* **Problem to solve**
All lines from the beginning of the listing through the line with "4月12日,鲁比·罗丝在回复" are to be copied word for word; the pictures are not.

* **Dataset records**
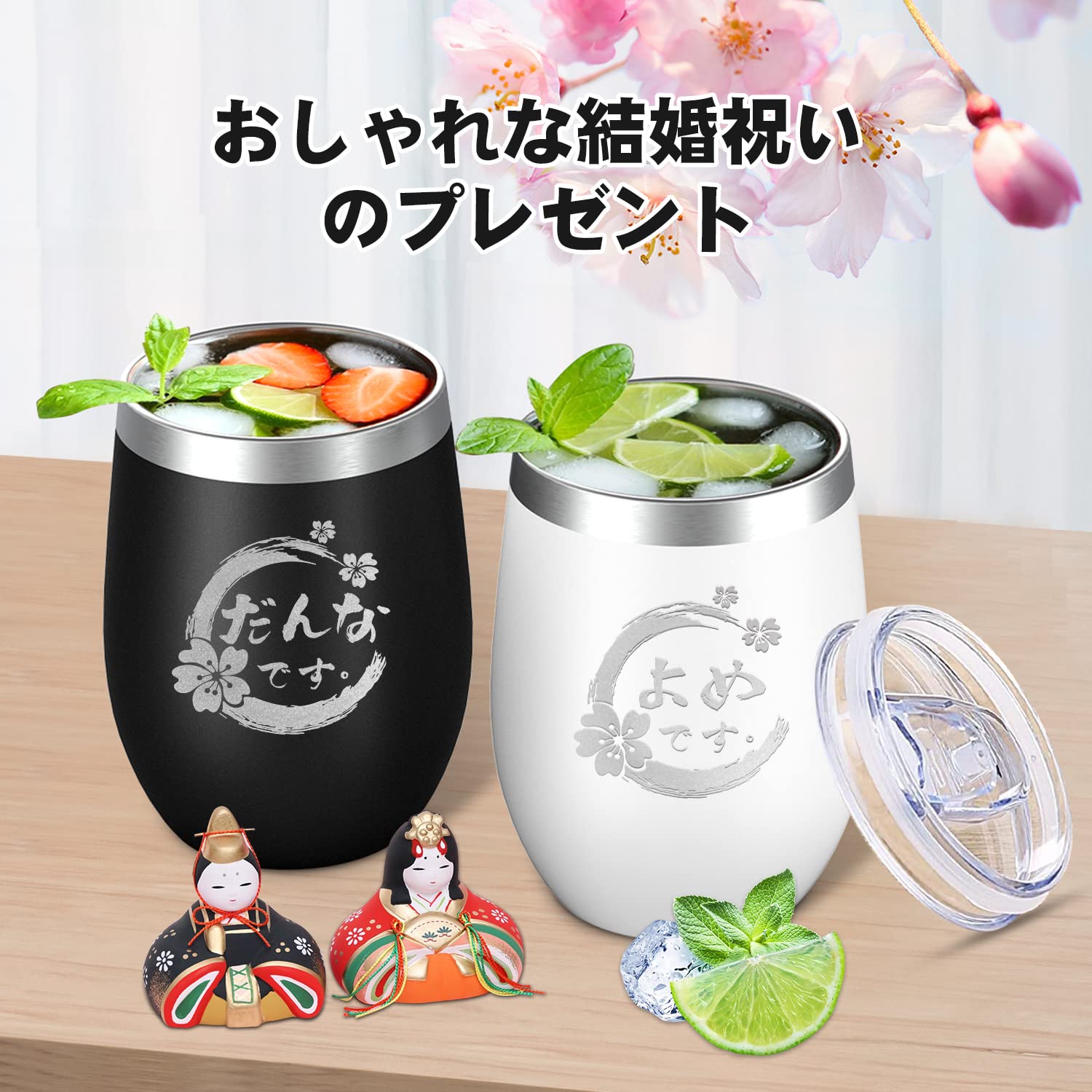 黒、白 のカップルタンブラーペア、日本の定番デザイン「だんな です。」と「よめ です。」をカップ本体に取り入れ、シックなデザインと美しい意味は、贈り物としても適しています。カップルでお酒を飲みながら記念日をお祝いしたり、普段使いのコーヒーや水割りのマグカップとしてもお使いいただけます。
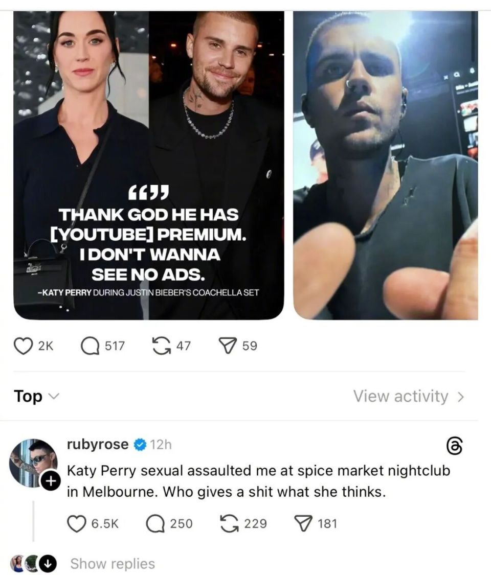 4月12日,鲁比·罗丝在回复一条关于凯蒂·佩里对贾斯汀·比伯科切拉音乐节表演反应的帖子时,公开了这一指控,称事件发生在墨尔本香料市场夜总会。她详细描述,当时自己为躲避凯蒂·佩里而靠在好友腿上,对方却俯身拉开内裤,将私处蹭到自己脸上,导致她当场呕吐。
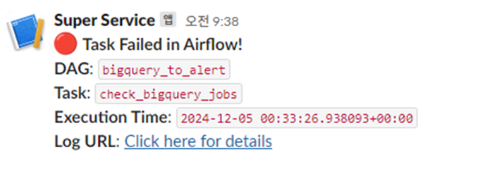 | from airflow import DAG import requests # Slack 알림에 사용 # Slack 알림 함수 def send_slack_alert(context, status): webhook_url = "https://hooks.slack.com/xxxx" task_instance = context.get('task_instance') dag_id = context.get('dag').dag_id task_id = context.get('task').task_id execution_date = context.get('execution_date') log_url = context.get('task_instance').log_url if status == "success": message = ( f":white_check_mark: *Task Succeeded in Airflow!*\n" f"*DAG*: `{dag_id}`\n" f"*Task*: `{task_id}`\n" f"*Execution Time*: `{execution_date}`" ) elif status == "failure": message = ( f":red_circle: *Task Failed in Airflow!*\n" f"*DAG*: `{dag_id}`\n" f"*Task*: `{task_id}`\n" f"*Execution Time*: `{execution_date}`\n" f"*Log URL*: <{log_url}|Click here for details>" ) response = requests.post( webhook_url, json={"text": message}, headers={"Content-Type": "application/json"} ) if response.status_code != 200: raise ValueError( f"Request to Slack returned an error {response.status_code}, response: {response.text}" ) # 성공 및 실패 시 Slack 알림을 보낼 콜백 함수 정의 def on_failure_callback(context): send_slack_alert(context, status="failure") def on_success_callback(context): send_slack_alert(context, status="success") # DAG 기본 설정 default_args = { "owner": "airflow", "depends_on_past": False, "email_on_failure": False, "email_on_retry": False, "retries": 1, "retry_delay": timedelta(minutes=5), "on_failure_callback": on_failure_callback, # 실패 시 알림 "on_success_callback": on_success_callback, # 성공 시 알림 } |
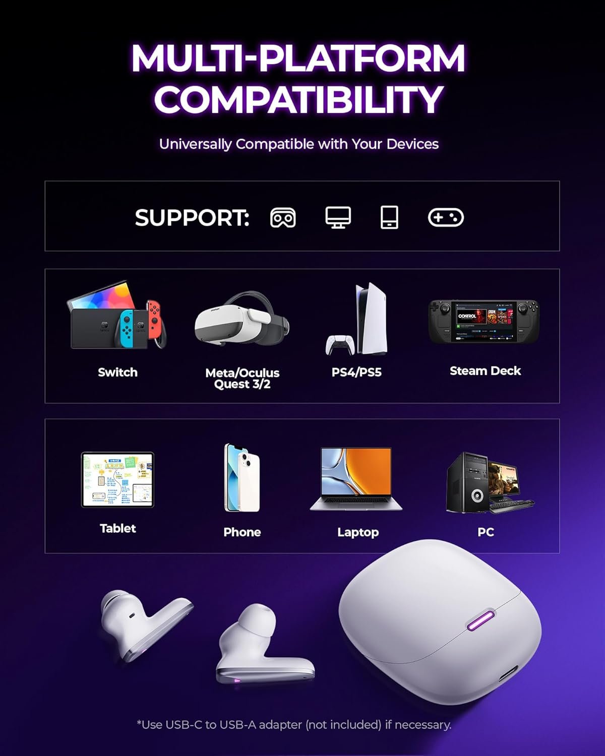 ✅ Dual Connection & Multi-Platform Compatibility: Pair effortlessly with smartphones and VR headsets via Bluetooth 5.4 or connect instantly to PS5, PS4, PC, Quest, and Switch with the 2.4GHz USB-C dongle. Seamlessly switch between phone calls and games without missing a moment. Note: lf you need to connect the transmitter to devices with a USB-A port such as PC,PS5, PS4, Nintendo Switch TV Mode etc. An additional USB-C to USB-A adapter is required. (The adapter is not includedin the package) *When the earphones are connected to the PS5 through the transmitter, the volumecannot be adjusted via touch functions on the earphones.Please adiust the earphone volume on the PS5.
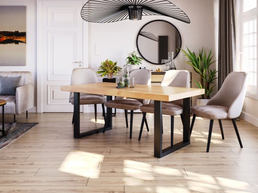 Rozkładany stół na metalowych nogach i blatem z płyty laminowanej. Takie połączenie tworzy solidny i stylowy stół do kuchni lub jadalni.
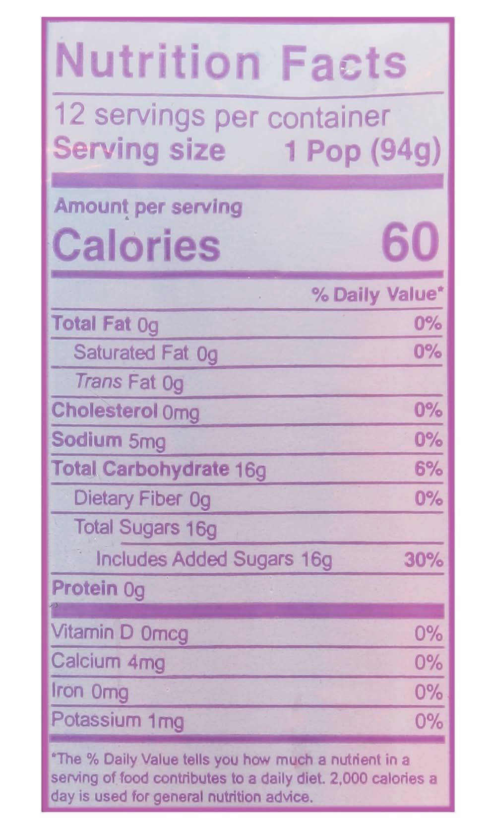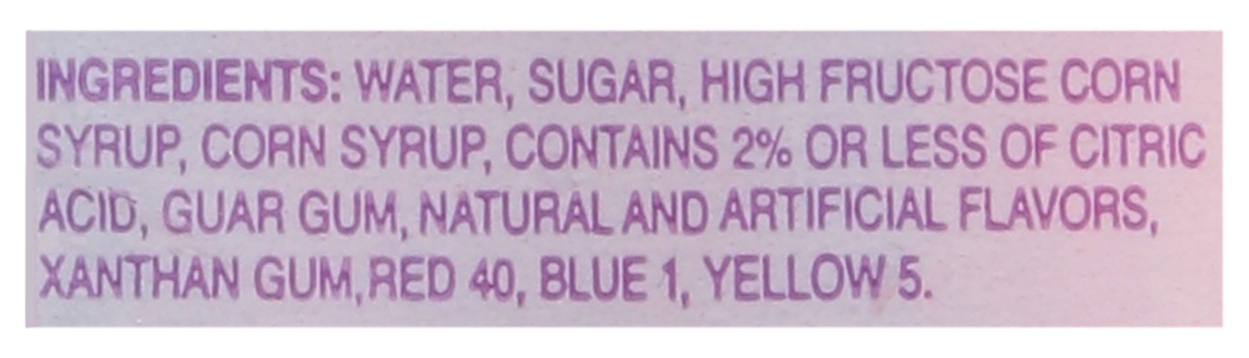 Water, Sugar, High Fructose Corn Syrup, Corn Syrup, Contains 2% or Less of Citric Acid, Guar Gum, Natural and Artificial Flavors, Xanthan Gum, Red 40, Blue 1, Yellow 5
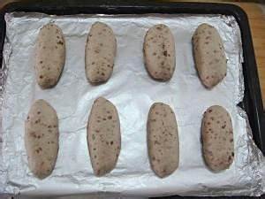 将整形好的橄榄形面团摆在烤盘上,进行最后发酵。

* **Exercise solution**
 黒、白 のカップルタンブラーペア、日本の定番デザイン「だんな です。」と「よめ です。」をカップ本体に取り入れ、シックなデザインと美しい意味は、贈り物としても適しています。カップルでお酒を飲みながら記念日をお祝いしたり、普段使いのコーヒーや水割りのマグカップとしてもお使いいただけます。
 4月12日,鲁比·罗丝在回复一条关于凯蒂·佩里对贾斯汀·比伯科切拉音乐节表演反应的帖子时,公开了这一指控,称事件发生在墨尔本香料市场夜总会。她详细描述,当时自己为躲避凯蒂·佩里而靠在好友腿上,对方却俯身拉开内裤,将私处蹭到自己脸上,导致她当场呕吐。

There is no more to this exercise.